04 October 2010

Summertime


I shook my head twice when I was reading Summertime. Was I reading a novel by J M Coetzee (in picture) or was this written about someone else? But that couldn’t be: the subject of the book shared the same name as the author.

For some time, I was lost. And one of Coetzee’s purposes was achieved. To puzzle the reader, to leaver her perplexed about his personality – is the novel autobiographical, or even taking from the truth in some places, at least? But then why would anyone want to portray himself as one having no ‘sexual presence’? And this laceration of his sexual self continues throughout the book.

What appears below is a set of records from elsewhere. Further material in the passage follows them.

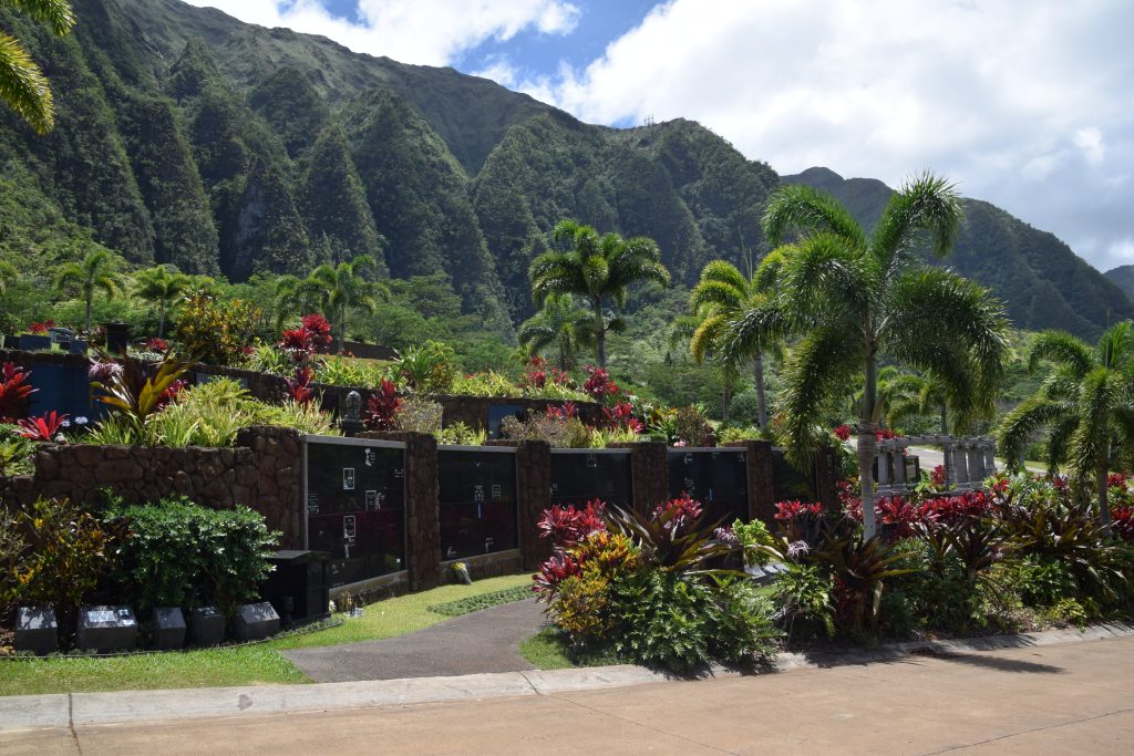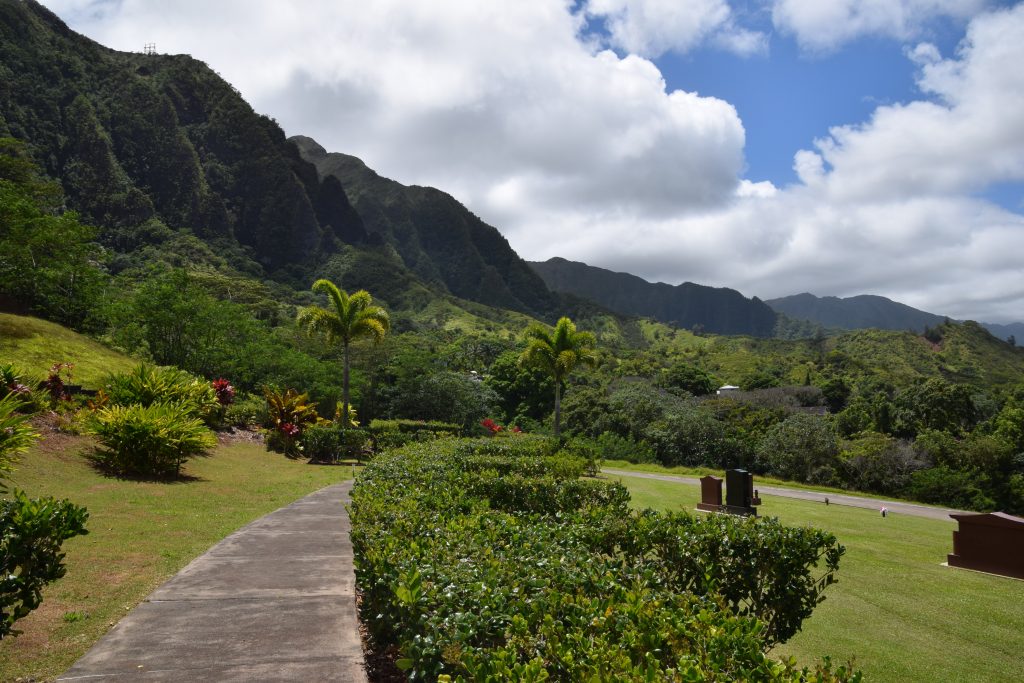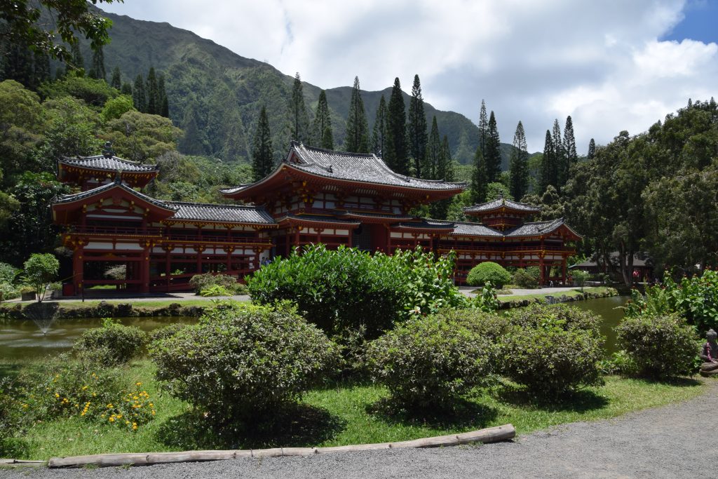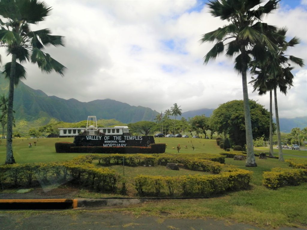 Valley of the Temples on Ko’olau vuoriston juurella. Vuoren poimut kohoavat kauniisti laakson takana. Alue koostuu suurelta osin kauniisti hoidetusta hautausmaasta. Eri uskontojen ihmisiä on haudattu sinne omille alueilleen. Blessed mother -patsas on siellä kristittyjen hautojen ympäröimänä. Omalla rinteellään kohosivat myös japanilaisten säntillisissä riveissä olevat hautakivet. Tämän alueen päänähtävyys on kuitenkin Byodo In, vuonna 1968 rakennettu,  moniuskonnollinen temppeli, jonne oli aikuisilta 5 dollarin pääsymaksu. (Lapset olivat ilmaisia.) Byodo tarkoittaa tasa-arvoista ja in temppeliä. Temppelialueelle johti kaareva silta ja pian olikin fiilis kuin Aasiassa. Temppelin vieressä oli valtava kello, jota sai isolla puupötköllä (shumoku) kumauttaa. Temppeliin mennessä otettiin kengät pois. Sisältä löytyi iso istuva Buddha ja suitsukkeista tuleva ihana tuoksu, joka toi Antille mieleen Bora Boran hyttyssavut. Aluetta ympäröi lampi, jossa ui karppeja. Osa niistä oli valtavia oranssipunaisia vonkaleita, jotka saivat lapset innostumaan. Karppilaumojen lisäksi tapasimme suojaisammassa lammen osassa parittelevan sammakkopariskunnan.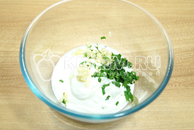 Добавить прессованный чеснок и мелко нашинкованную петрушку.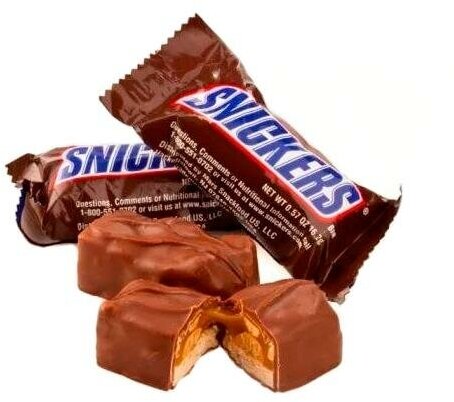 Шоколадный батончик SNICKERS® MINIS с жареным арахисом, карамелью и нугой, покрытый молочным шоколадом.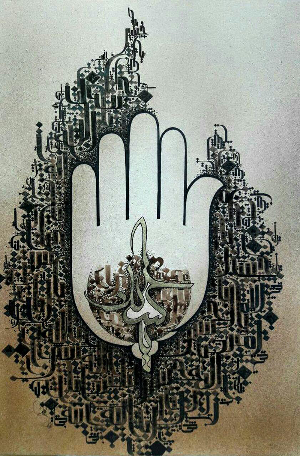 نقاشیان ادامه داد: در بیشتر تصاویر المان دست به عنوان دست حضرت عباس تصویر می شود اما من بر مبنای مصداق شعر عمان سامانی که میگوید در روز عزل، خداوند انسان را خطاب میکند و امام حسین دست خود را بالا میبرد، این دست را دست امام حسین(ع) در نظر گرفتم و آنرا در این اثر ترسیم کردم.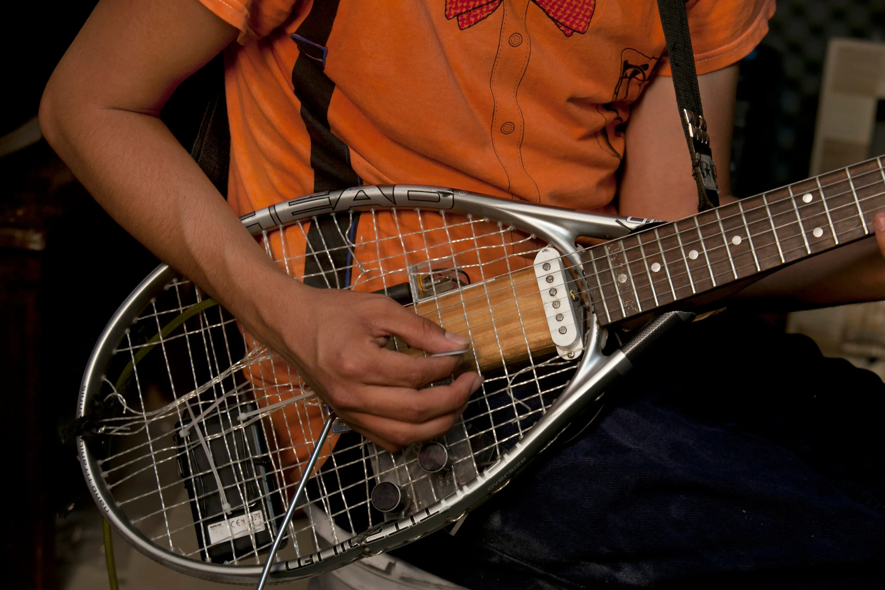 In this Friday, April 24, 2015 photo, Fernando Lopez Ramirez plays a guitar made from a discarded tennis racquet, during a jam session in the outskirts of Mexico City. Lopez Ramirez and his brothers, cousins and friends are members of the “Orquesta Basura” or Trash Ochestra. They collect trash items like pots, pans, wooden boxes, hub caps and tennis racquets from the trash in their neighboorhood and turn them into musical instruments. (Photo by Marco Ugarte/AP Photo)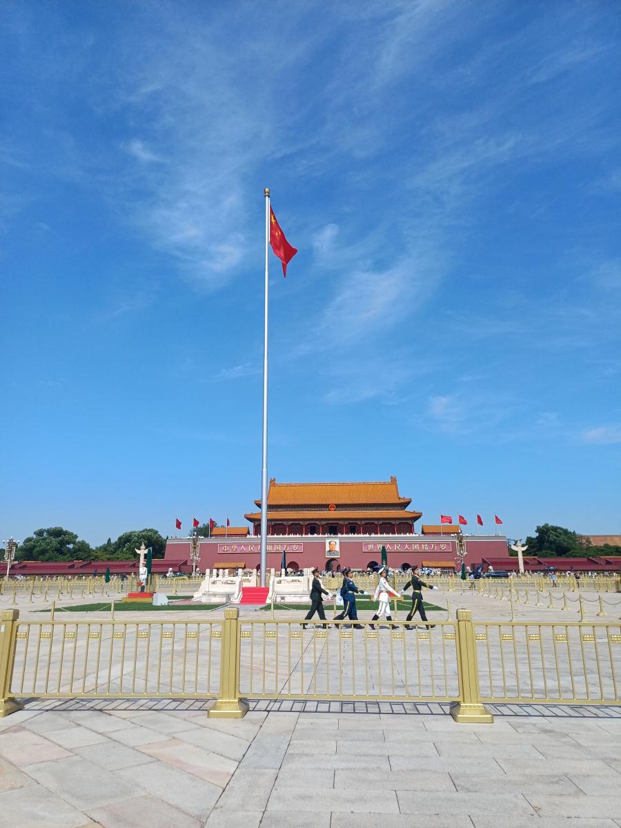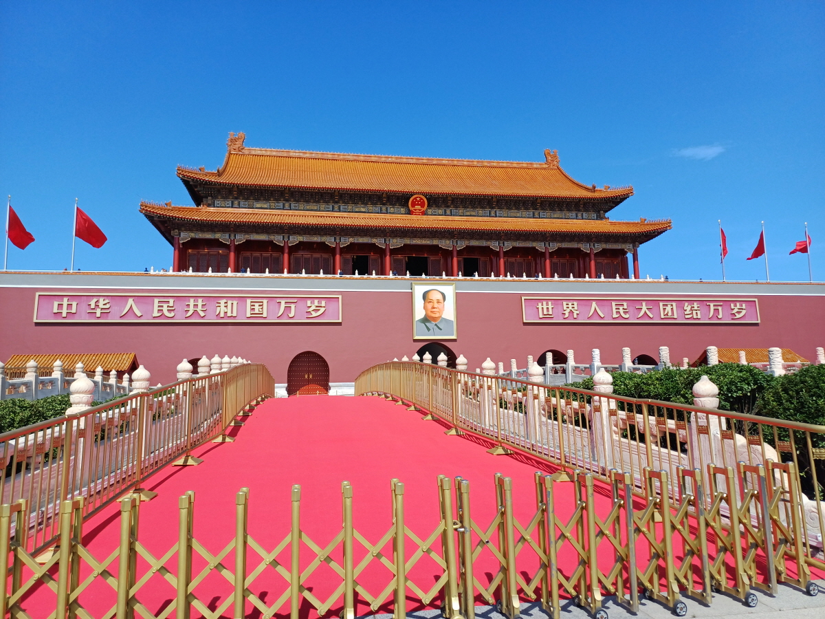 드디어 선명하게 드러나는 천안문 성루의 모습과 마오쩌둥의 초상화, 중화인민공화국만세(中华人民共和国万岁) 세계인민대단결만세(世界人民大团结万岁)라는 큰 표어도 보인다. 베이징의 대표 인증숏 포인트로 여기저기서 천안문을 배경으로 사진을 찍는 사람으로 가득했다.

Summertime, a collection of fictionalized interviews about Coetzee, is like Coetzee grabbing the reader by the neck and asking her to stop asking questions about him: what is the author like in real life? What of his sex life? What of the things he believed in? Coetzee seems to say, ‘Find the answers in my text, and not in me.’ What one writes may not necessarily be taken from the author’s life. So, even an attempt to scrutinise the author’s life for what he lets out in his work can, in a sense, let his writing down.

For, when one tells stories, one is trying to communicate with the story as a medium. There’s nothing cardinally wrong about looking for an author’s inspiration in his/her personal life: but, what’s the point? What is this obsession with knowing the source of something? Why should something be because of something, and not just exist?

I know the all-too human obsession behind knowing, of course, but Coetzee wants to snub this voyeuristic urge.

It’s also as if to compete with other descriptions of himself: by creating one himself. And, in doing that, try to dispel the aura of a ‘great writer’. What is a great writer but one who reports best her life experiences, sketches in detail the life-pictures she sees around her? So, how much credit for the ‘great writing’ should be attributed to the people in the writer’s life, to the stories she is witness to?

The book obsessively sniggers at the whole idea of ‘great’ and I do see the point of doing so. Some of our so-called literary persons would do well to read this book.